Why Companies Want Arbitrators Who Have A Public Profile On LinkedIn And The Internet

Your company has a dispute with a vendor or customer, and the terms of the agreement between the company and the person you are about to sue provide for binding arbitration. It is common for contracts to have arbitration provisions. Arbitration is viewed as less expensive and more expeditious than litigating a dispute in court. Arbitration provisions also allow the parties to agree that consequential (e.g. down time, finance fees, lost profits) and/or punitive damages cannot be awarded. Arbitration also gives the parties more control in deciding who will adjudicate their dispute, rather than having a judge randomly assigned to your case. There are many positives to arbitrating a dispute.
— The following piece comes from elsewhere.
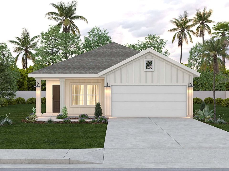 This single-story home proves you don't have to sacrifice comfort or luxury for easy-care living. The open-concept layout seamlessly connects the kitchen, living, and dining areas. In the kitchen, you'll find stained Maple wood cabinets, Quartz countertops, tile flooring, and GE stainless steel appliances. This home features three spacious bedrooms and two bathrooms, including the primary suite with a walk-in closet, backyard views, and a stylish full bath offering a vanity sink and a walk-in shower. The two guest bedrooms have easy access to a full bath. For added convenience, there's also a utility room and an attached two-car garage. Maple Wood Painted Cabinets Quartz Countertops GE Stainless Steel Appliances - Gas Tile Flooring*Photos do not represent final production of home.

The only real downside that comes to mind is that arbitration awards are extremely difficult to set aside. In California, an arbitration award will stand unless the party challenging the decision can show (1) "the award was procured by corruption, fraud, or other undue means"; (2) "the rights of the party were substantially prejudiced by the misconduct of a neutral arbitrator"; or (3) an arbitrator failed to make a timely disclosure of a conflict which would be a ground for disqualification. Cal. Civ. Proc. Code § 1286.2. The Federal Arbitration Act includes similar limited grounds for vacating an award, with "evident partiality or corruption in the arbitrators, or either of them," being one ground. 9 U.S.C. § 10.

Consequently, companies assume a significant risk when choosing an arbitrator to decide their dispute. Arbitrators also charge rates ranging from $350 – $625 per hour. It behooves the company and its counsel to research the prospective arbitrators before settling on one or a panel of arbitrators. Before the Internet, legal counsel would rely on word of mouth, and seek input from attorneys at their firm. With the Internet and the professional networking site, LinkedIn, there is much more information available.